1

(I got this as an interview question and would love some help with it.)

You have k sorted lists containing n different numbers in total.
Show how to create a single sorted list containing all the element from the k lists in O(n * log(k))

user218867
  • 16,252
  • 12
  • 112
  • 156
  • 2
    Look up [merge sort](https://en.wikipedia.org/wiki/Merge_sort). – Amadan Feb 14 '19 at 13:06
  • What programming language? – Dave Feb 14 '19 at 13:06
  • This is still not totally identical to merge sort, so I guess it's worth asking. – user218867 Feb 14 '19 at 13:14
  • Before asking a question you should try using the [search bar](https://stackoverflow.com/questions/5055909/algorithm-for-n-way-merge) or [google](https://www.geeksforgeeks.org/merge-k-sorted-arrays/)? – SaiBot Feb 14 '19 at 13:18
  • 1
    Possible duplicate of [Algorithm for N-way merge](https://stackoverflow.com/questions/5055909/algorithm-for-n-way-merge) – SaiBot Feb 14 '19 at 13:21

3 Answers3

4

The idea is to use a min heap of size k.

Push all the k lists on the heap (one heap-entry per list), keyed by their minimum (i.e. first) value

Then repeatedly do this:

  1. Extract the top list (having the minimal key) from the heap
  2. Extract the minimum value from that list and push it on the result list
  3. Push the shortened list back (if it is not empty) on the heap, now keyed by its new minimum value

Repeat until all values have been pushed on the result list.

The initial step will have a time complexity of O(klogk).

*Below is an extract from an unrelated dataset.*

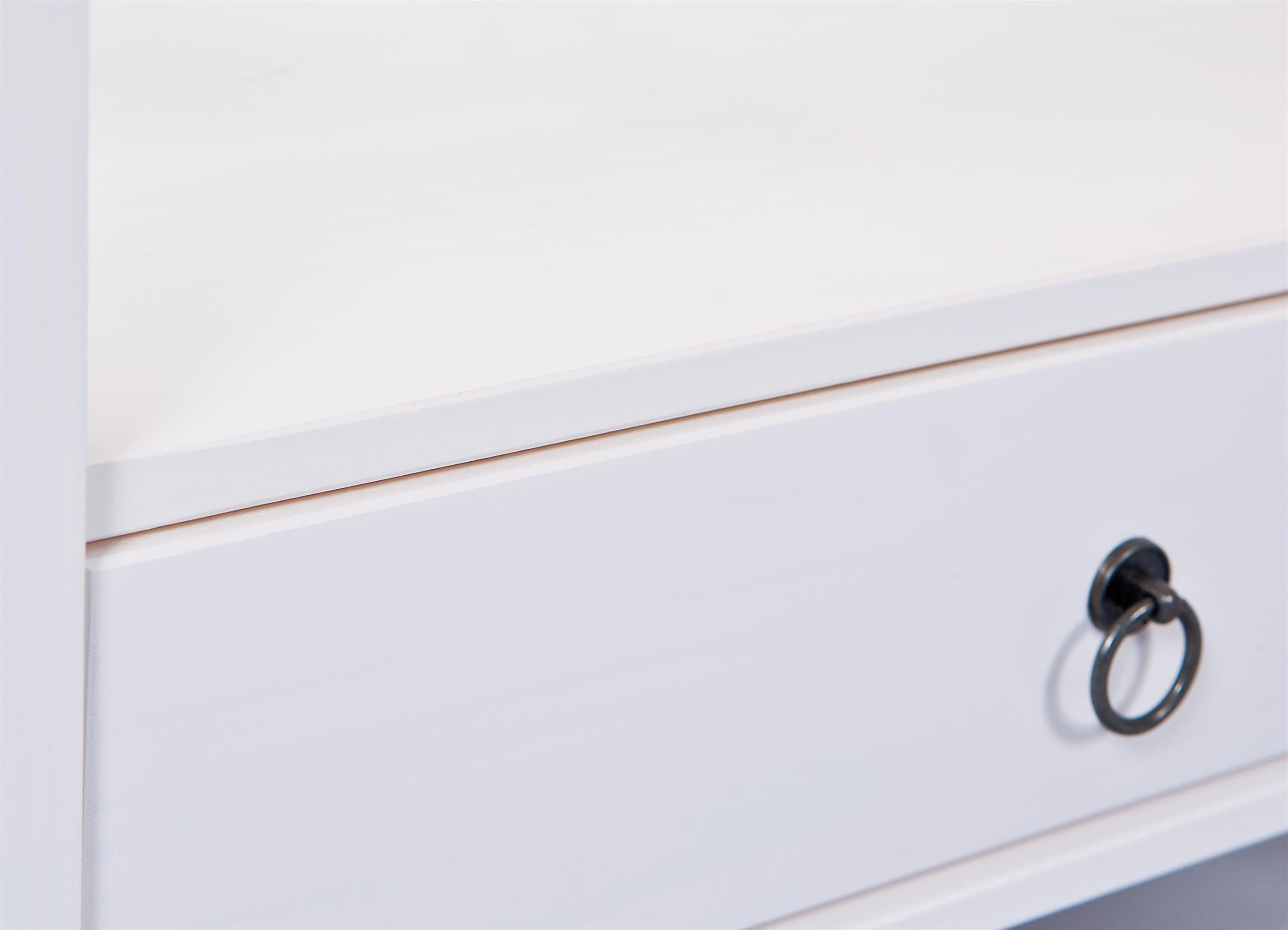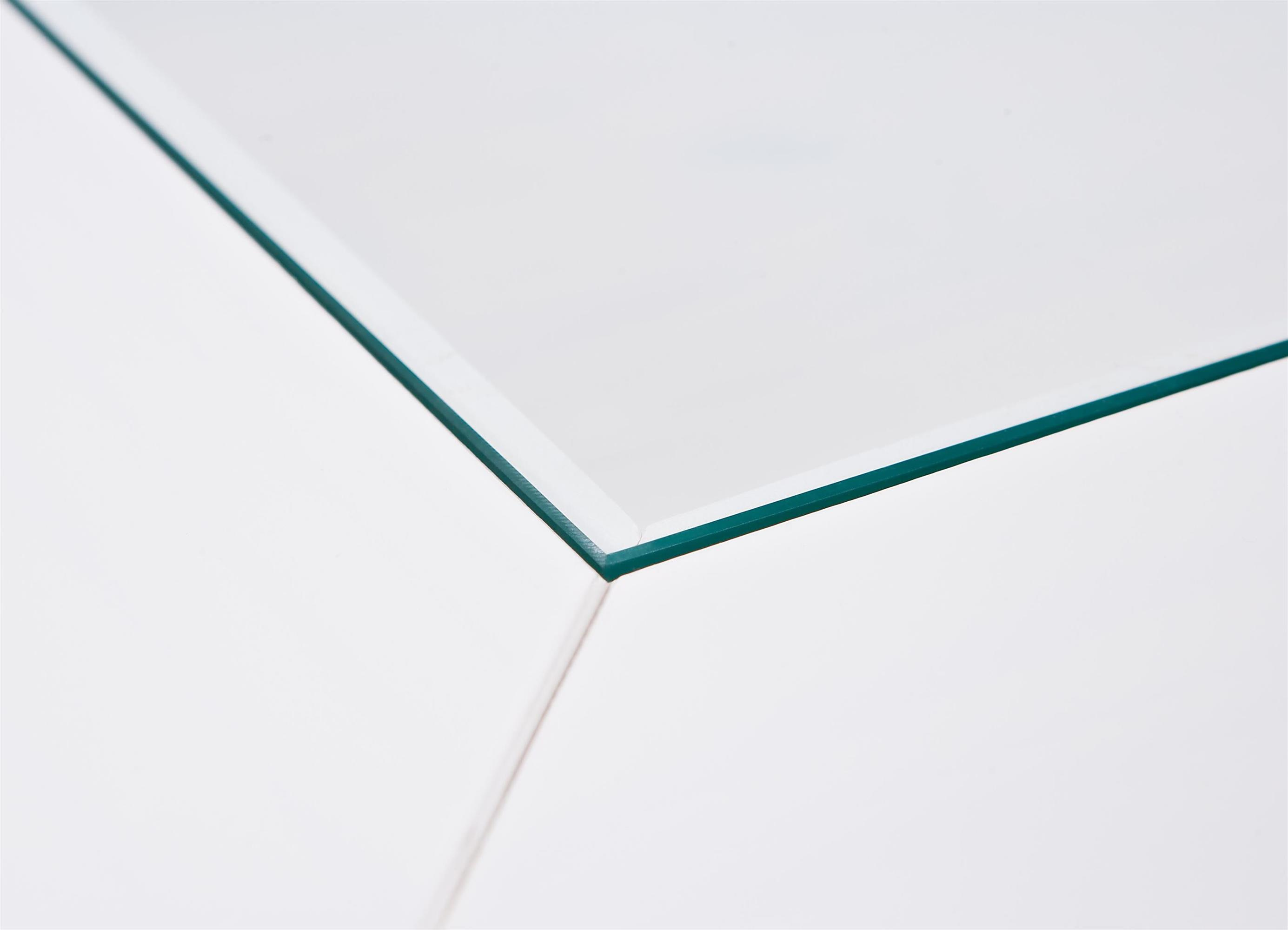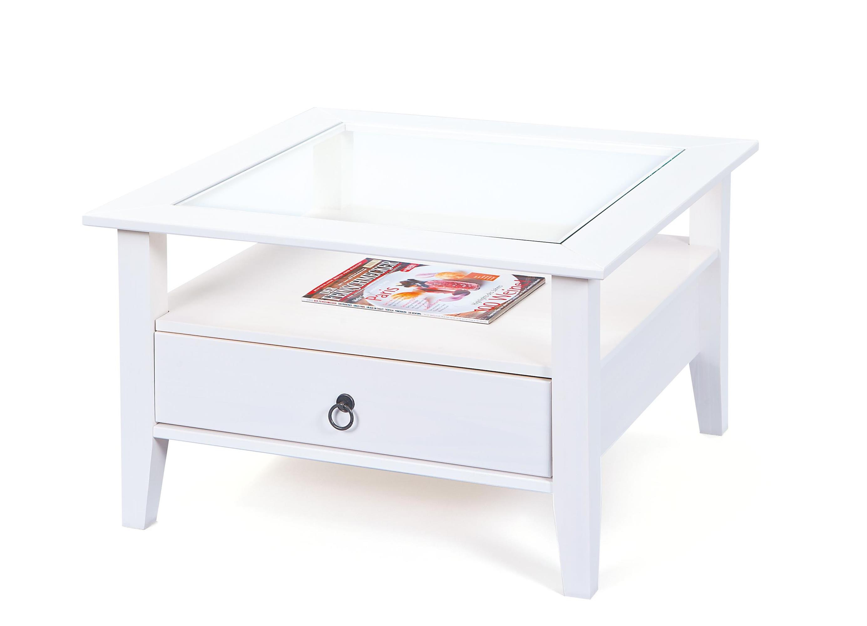 - Stolik kawowy z drewna sosnowego z blatem z bezpiecznego szkła. Stolik z jedną szufladą i wnęką do przechowywania w kolorze białym w stylu nowoczesnym, skandynawskim.

The 3 steps above will be repeated n times. At each iteration the cost of each is:

  1. O(1)
  2. O(1) if the extraction is implemented using a pointer/index (not shifting all values in the list)
  3. O(log k) as the heap size is never greater than k

So the resulting complexity is O(nlogk) (as k < n, the initial step is not significant).

trincot
  • 211,288
  • 25
  • 175
  • 211
  • Or put tuples `(element, index, number-of-list)` onto the heap, and after popping push the next element from the same list. – tobias_k Feb 14 '19 at 13:43
  • Another solution would be maintain the list in a hashtable, keyed by first value, initially extract one element from each list and put on to heap. On extract from heap, remove that list from map, then if the array is not empty, put it back to map again with new key (the new first element in the array). – user218867 Feb 14 '19 at 13:43
1

As the question is stated, there's no need for a k-way merge (or a heap). A standard 2 way merge used repeatedly to merge pairs of lists, in any order, until a single sorted list is produced will also have time complexity O(n log(k)). If the question had instead asked how to merge k lists in a single pass, then a k-way merge would be needed.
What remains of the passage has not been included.